On Friday, April 3, Wilder and Sellers filmed the scene in which Orville
gives a piano lesson to a child while growing increasingly convinced that
his wife, played by Felicia Farr, is (as Wilder put it) “doing it” with the
milkman. Standing on the sidelines along with Peter’s costars Dean Martin,
Kim Novak, Felicia Farr, and Cliff Osmond, Britt watched her husband
perform for the first time. She was amazed by his extraordinary talent and
spark. So were the others, including Wilder himself, who, despite his experience as a director, couldn’t help but break out into unrestrained laughter
during Peter’s takes.

“And then he did not show up on Monday,” Billy Wilder declared
from a distance of thirty-five years. “He had borrowed some money from
me because he wanted to take his kids to Disneyland. He was at Disneyland!
That’s the last I saw of him, giving him the money.
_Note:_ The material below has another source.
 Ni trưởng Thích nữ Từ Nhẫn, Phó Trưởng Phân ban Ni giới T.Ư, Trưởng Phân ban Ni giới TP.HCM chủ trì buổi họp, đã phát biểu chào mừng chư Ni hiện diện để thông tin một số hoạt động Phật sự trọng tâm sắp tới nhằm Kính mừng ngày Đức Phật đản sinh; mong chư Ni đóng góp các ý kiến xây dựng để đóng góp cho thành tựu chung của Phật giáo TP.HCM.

It was two or three
hundred dollars.”

• • •

 

 

There is a funny but foreboding exchange in
The World of Henry Orient
between the difficult Henry and his earnest manager, Sidney (John Fiedler).
“Henry!” Sidney pleads. “You’ve got to remember you’re not Van Cliburn!
Now if Van Cliburn misses a rehearsal, he’s still Van Cliburn, and nobody
says, ‘Throw the bum out!’ ” But Henry is having his hair done at the
moment and is too busy admiring his own head in a handheld mirror to
concern himself with the warning. “I tried ’a phone ’em,” he mumbles.
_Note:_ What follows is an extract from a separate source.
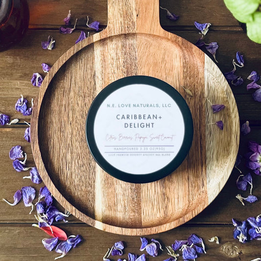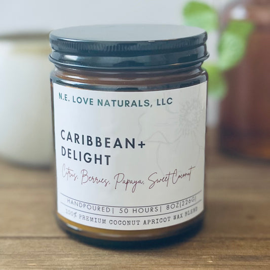 Caribbean+ Delight | Coconut Apricot Soy Candle in Amber Glass Jar
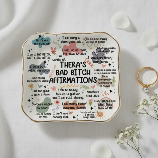 Add a bold and empowering touch to your space with this Swear Affirmations Ring Dish, a fun and meaningful accessory designed to keep your jewelry safe while lifting your mood. Featuring playful, unapologetic affirmations and the option to personalize with a custom name, this trinket tray is both stylish and full of personality. Perfect for holding rings, earrings, and small keepsakes, it’s crafted from high-quality ceramic with a smooth finish and elegant gold trim. Whether placed on a vanity, nightstand, or desk, it serves as a daily reminder of confidence and self-love. A unique and humorous gift for Mother’s Day, birthdays, or best friends, this custom jewelry tray is the perfect mix of sass, style, and sentiment.

In 1964, Peter’s profound misfortune was that he
was
Van Cliburn.
On that incontrovertible basis, he believed he could do as he pleased. In
fact, if comparisons are to be drawn, Peter Sellers was better than Van
Cliburn. He was more famous. And he made more money. And ironically,
despite years of outrageous behavior and eccentricity and periodically debilitating despair, Peter Sellers ended up remaining far longer on the klieg-lit
world stage than Van Cliburn.

• • •

 

 

He was worried about his body. As Britt describes it, Peter “believed that
the essence of his masculinity relied on his ardor as a lover. He was always
searching for what he liked to term as the ‘ultimate’ orgasm, and when he
discovered that amyl nitrate assisted his physical endurance the tiny capsules
of chemical became almost a routine component of our nightly love-making
pattern.” So on Monday, April 6, after forgoing the tension-provoking
sound stages of
Kiss Me, Stupid
for VIP treatment at the Magic Kingdom,
Peter and Britt put the kids to sleep and went to bed, inhaled some poppers,
made love with their hearts racing, and afterward opened a bottle of champagne, which spilled all over the sheets. They were changing them when
Peter reached for his chest. “Get me some brandy—quickly,” he said.